▶ **EXERCISE OBJECTIVE**:
Exactly and only the lines from the first entry through the line with "The watermark will" should be copied, both ends included, with no pictures.

MATERIAL FOR THE TASK START

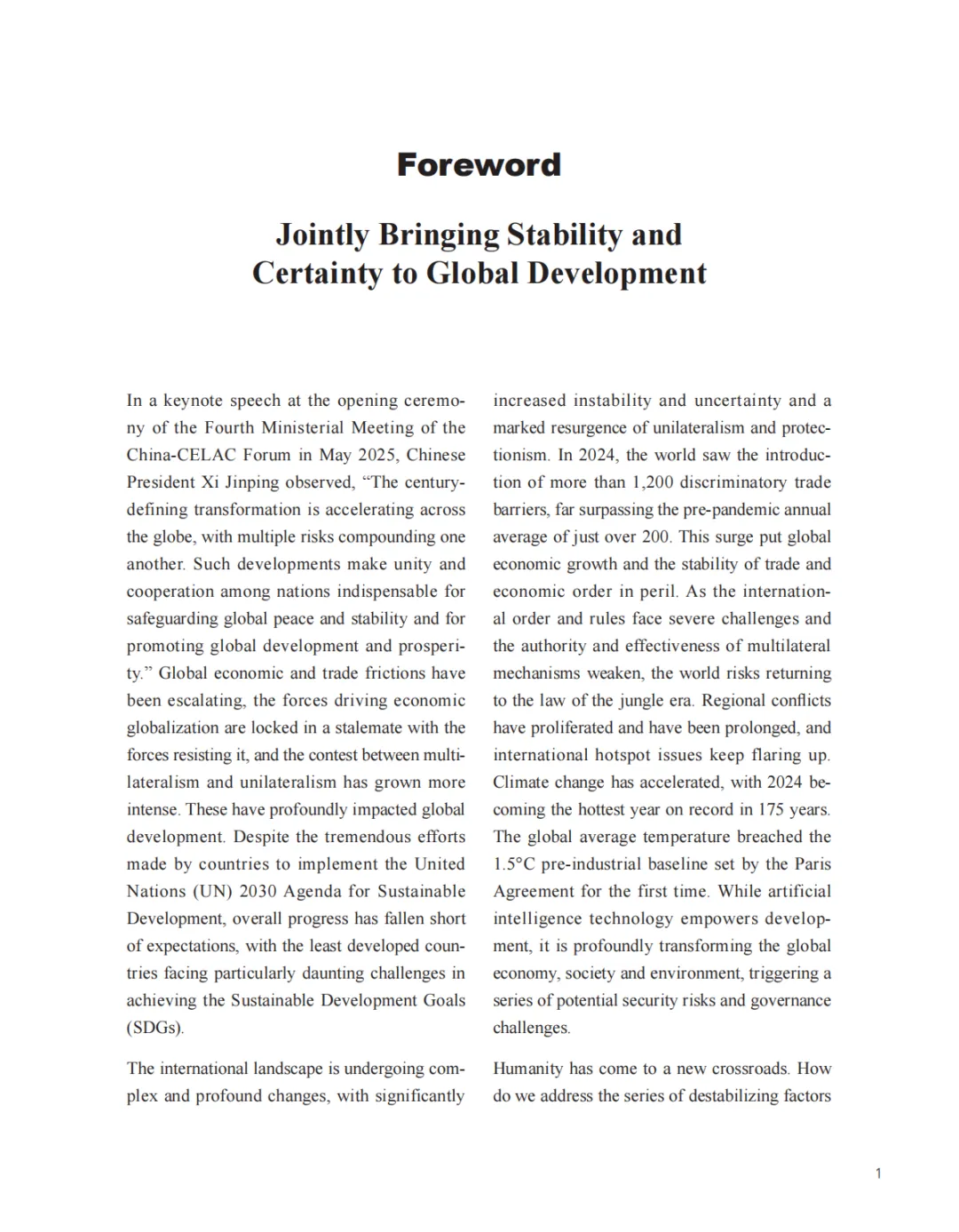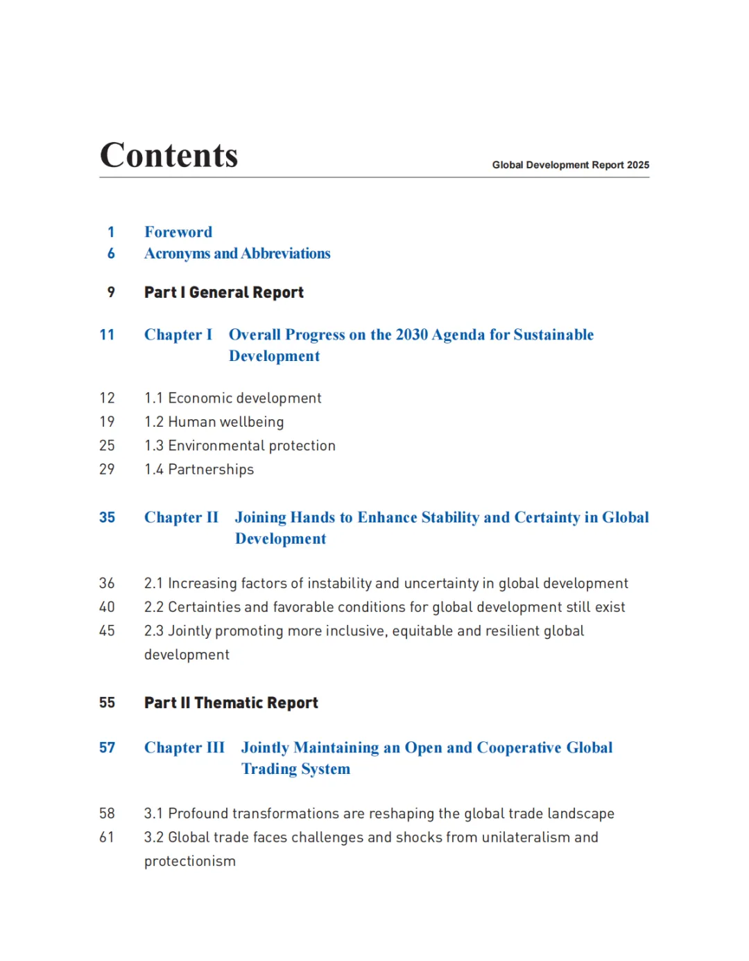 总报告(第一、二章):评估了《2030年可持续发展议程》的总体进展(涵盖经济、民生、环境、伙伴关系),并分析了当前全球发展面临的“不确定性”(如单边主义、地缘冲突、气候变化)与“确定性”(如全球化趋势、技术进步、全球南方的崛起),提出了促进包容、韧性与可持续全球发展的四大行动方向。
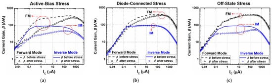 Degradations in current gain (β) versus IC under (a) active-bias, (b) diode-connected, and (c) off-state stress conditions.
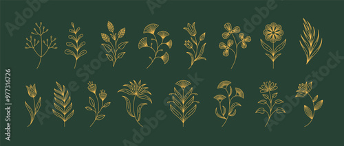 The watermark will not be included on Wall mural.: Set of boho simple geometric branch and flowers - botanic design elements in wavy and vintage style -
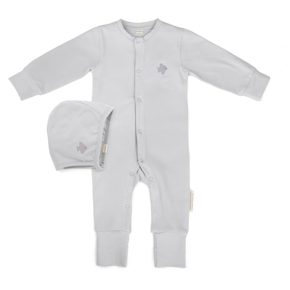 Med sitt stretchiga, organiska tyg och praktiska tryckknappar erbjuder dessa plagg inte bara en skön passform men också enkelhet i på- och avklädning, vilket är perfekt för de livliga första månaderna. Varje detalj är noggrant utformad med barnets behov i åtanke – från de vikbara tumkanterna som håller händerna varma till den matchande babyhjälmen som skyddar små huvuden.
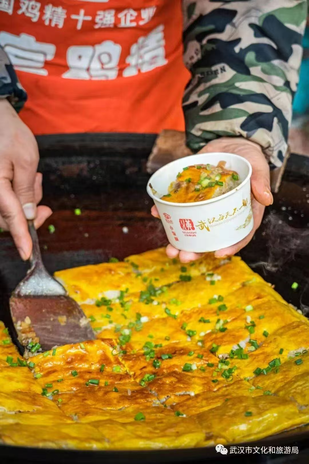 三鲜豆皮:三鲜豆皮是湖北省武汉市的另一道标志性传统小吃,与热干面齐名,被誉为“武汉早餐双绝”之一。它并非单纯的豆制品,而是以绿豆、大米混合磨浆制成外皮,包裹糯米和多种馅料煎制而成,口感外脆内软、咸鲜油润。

MATERIAL FOR THE TASK END

▶ **WRITTEN REPLY**:
 总报告(第一、二章):评估了《2030年可持续发展议程》的总体进展(涵盖经济、民生、环境、伙伴关系),并分析了当前全球发展面临的“不确定性”(如单边主义、地缘冲突、气候变化)与“确定性”(如全球化趋势、技术进步、全球南方的崛起),提出了促进包容、韧性与可持续全球发展的四大行动方向。
 Degradations in current gain (β) versus IC under (a) active-bias, (b) diode-connected, and (c) off-state stress conditions.
 The watermark will not be included on Wall mural.: Set of boho simple geometric branch and flowers - botanic design elements in wavy and vintage style -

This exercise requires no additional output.